33 responses to “100 years since WW I

  1. so telling – and when we can write 100 years since the last war, and be happy in our peace, that too will be amazing; thanks claudia🙂 meanwhile:

    “a sketcher,
    mud soaked in a dugout
    & the sun

    has not stopped shining
    yet”

  2. cool last line…the reflection of his teeth….cool too putting yourself there in the dugout….sometimes we just have to find our place….or help others find their place in the grand picture…

    glad you are back. smiles.

  3. Well it is good to think about the idea that everyone fits in somewhere…..and that no one is out of place everywhere. Smiles. Good to see you back here, Claudia. You were missed.

  4. Here too there are numerous references to the fact that WW1 started a hundred years ago, especially in my region. To my students it seems like centuries ago.

  5. You nailed me, as with many others with /everything you dream & cannot see/–and yes, having you active again makes thing cohesive & balanced in the poetic world. That guy dressed up as a sheik selling whiskey to the children shook me up though; lots to chew on from your take on the image.

  6. Welcome back – good luck with the office work!

    I think if we cold stop worrying less about fitting in, we would find that we all do fit in, after all. Difference is our essence, is it not?

  7. Claudia, I’ve never lived in a place where waging war took place. The “after” made me “see” things, the wounded soldier…and I, wondering what must he have thought about the whole thing?? (Notice the double marks–grin!)

    WARS and GARBAGE DUMPLS we’ll have with us always. AND always there will be some of US who wonder, “How come I don’t fit in?” Is it because my teeth are mud-and-sand encrusted?

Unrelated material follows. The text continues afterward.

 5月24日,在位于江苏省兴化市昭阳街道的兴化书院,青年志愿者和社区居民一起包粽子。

    Mind-bending piece of work. GOOD, Claudia.
    PEACE and LIGHT!

  8. Kudos for bringing the musical instruments in right away–that guitar image in the costumed figure is hard to miss. The image encourages a kind of self-reflection, I think, based on dissociation. I love the way you’ve ended the poem.

  9. Welcome back Claudia – we haven’t spoken in a few weeks🙂

    I enjoyed the reference to world war – it gives you a unique dimension here. I love the touch of history.

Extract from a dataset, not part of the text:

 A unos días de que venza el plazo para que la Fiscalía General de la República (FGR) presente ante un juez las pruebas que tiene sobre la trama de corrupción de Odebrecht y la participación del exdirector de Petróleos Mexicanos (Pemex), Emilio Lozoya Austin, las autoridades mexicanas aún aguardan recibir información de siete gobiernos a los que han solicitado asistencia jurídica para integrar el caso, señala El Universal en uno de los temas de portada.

  10. There must be something in Germany that is like a bell – bronzed over that tolls for the lost souls, for the strange twists of fate, for the post war period, for the new Germany that is tied now to so much art and music and modernity and yet those terrible times must haunt the old places like ghosts that no one wants to see.

    You don’t often touch on that as your work is so full of joy, beauty and eloquence but here the irony seeps through (if that’s what it is) – I guess just the weirdness that life goes on and time transforms.

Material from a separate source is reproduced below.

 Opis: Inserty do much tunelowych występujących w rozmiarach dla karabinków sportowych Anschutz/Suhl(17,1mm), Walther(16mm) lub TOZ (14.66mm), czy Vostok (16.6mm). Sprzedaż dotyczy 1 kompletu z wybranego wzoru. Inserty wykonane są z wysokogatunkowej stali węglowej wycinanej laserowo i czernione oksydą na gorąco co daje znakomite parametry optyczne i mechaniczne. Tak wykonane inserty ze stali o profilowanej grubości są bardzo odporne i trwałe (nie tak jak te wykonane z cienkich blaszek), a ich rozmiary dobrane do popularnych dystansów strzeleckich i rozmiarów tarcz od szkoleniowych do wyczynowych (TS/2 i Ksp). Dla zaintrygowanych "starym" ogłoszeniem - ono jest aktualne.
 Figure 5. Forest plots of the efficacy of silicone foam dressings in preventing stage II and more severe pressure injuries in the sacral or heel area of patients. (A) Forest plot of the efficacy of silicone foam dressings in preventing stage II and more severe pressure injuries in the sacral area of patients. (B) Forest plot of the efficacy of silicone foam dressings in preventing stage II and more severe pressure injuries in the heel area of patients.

    I always love your work – it gives me love, images, imagination and you.
    Thank you Claudia for being you and being in my life.

  11. Lovely to have you back, Claudia, and with a flourish! Beyond the shopping street lies the rot and stench, another reign, another crippled soldier… and you can enumarate all that horror and pestilence, yet suffuse it with light and tolerance. Beautiful!

  12. I gave this a couple of reads…it deserves it. For me, it paints the devastation of the aftermath of war on a country and its people. I like that you chose WWI–a more distant war, because the effects endure in subsequent generations. Are we getting ready for another conflagration–I sure pray we aren’t. Our world cannot endure more scars or financial burdens. That’s how I read it and to me it was so thought-provoking.